The stone No. 3, placed next to it in the circle, is between three and four feet in height; thick and somewhat quadrangular, but with the angles much rounded off. On its outermost side is apparently a triple circle cut around a central cup; but more minute examination and fingering of the lines shews that this figure is produced by a spiral line or volute starting from the central cup, and does not consist of separate rings. The diameter of the outermost circle of the volute is nearly ten inches. Below this figure, and on the rounded edge between it and the next surface of the stone to the left, are the imperfect and faded remains of a larger quadruple circle. On one of the two remaining sides of this stone is a double concentric circle with a radial groove or gutter uniting them. This is the only instance of the radial groove which I observed on the Calder Stones, though such radial direct lines or ducts are extremely common elsewhere in the lapidary concentric circles.
The stone No. 4 is too much weathered and disintegrated on the sides to present any distinct sculpturings.

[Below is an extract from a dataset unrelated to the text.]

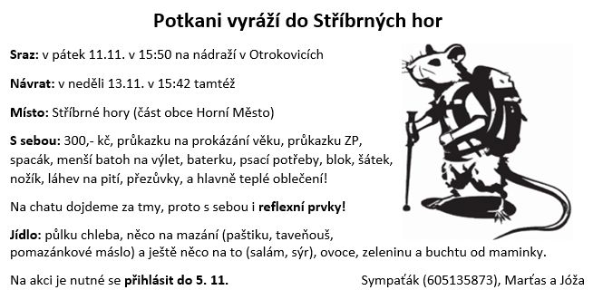 Sbalte si saky paky, jedeme do Stříbrných Hor! Nezapomeňte se přihlásit do 5.11. ... pokračovat ve čtení

On its flat top are nine or ten cups; one large and deep (being nearly five inches in diameter). Seven or eight of these cups are irregularly tied or connected together by linear channels or cuttings. In this and other respects this stone resembles in its cups and lines the appearances on the capstone of a cromlech at Clynnog-Fawr, North Wales, and one of a series of stones on the Rue-hill in Stirlingshire.

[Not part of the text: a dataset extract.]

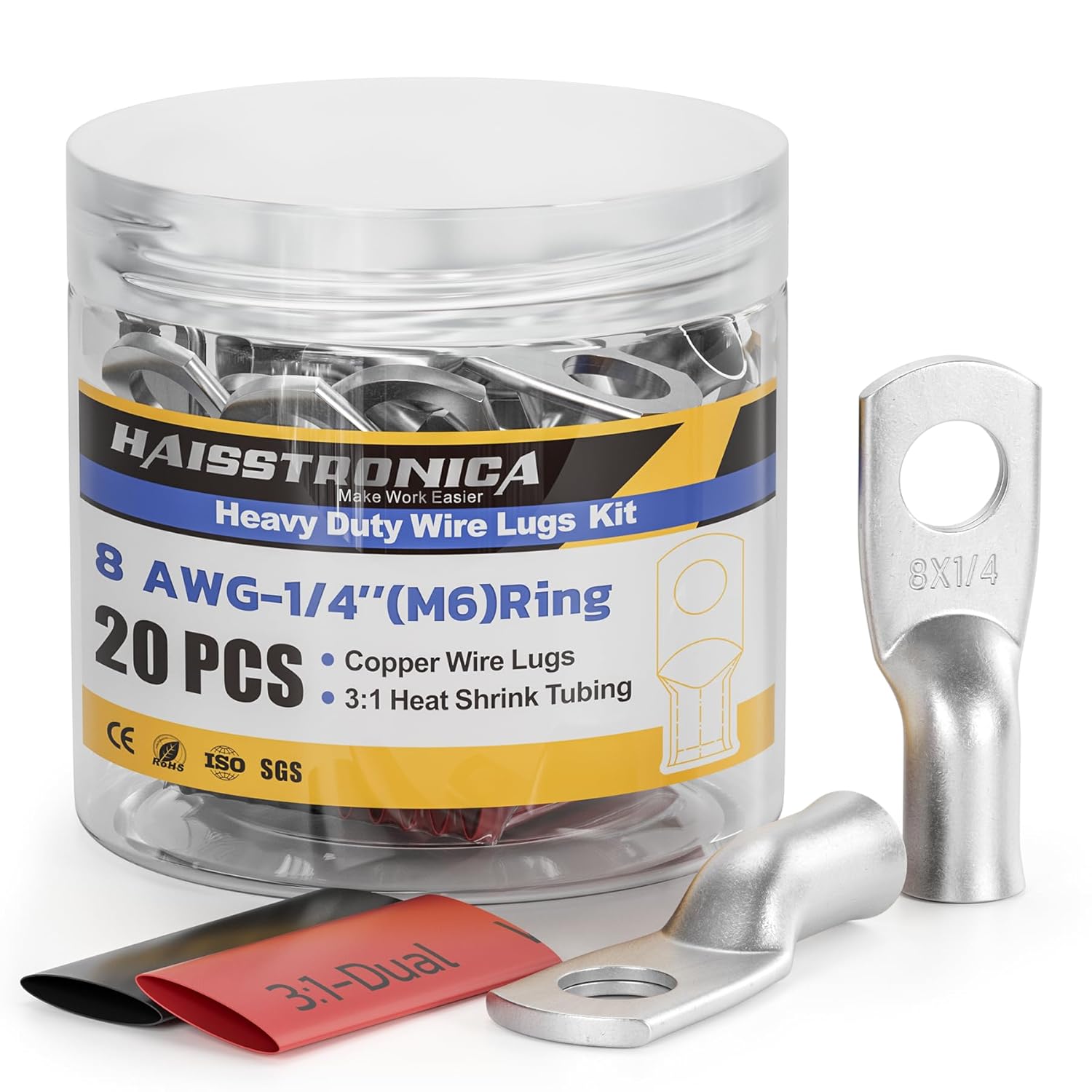 - Tinned Copper Lugs and Heat Shrink Tubing Kit: 10 PCS 8 gauge (AWG) - 1/4" (M6)ring terminals tinned copper wire lugs and 10 PCS 3:1 Dual Wall Adhesive Heat Shrink Tubing(5 black and 5 red), and comes with a sturdy clear plastic jar that make battery cable ends easy storage

The fifth stone is too much disfigured by modern apocryphal cuttings and chisellings to deserve archæological notice.
The day on which I visited these stones was dark and wet.
On a brighter and more favourable occasion perhaps some additional markings may be discovered.
The whole circle was inclosed some years ago by the late Mr. Walker, within an excellent iron railing; and the generous protection thus afforded will, it is hoped, save for many years from further mutilation, a monument which is, I believe, undoubtedly the oldest specimen that exists in the neighbourhood of Liverpool, of the art and work of archaic man.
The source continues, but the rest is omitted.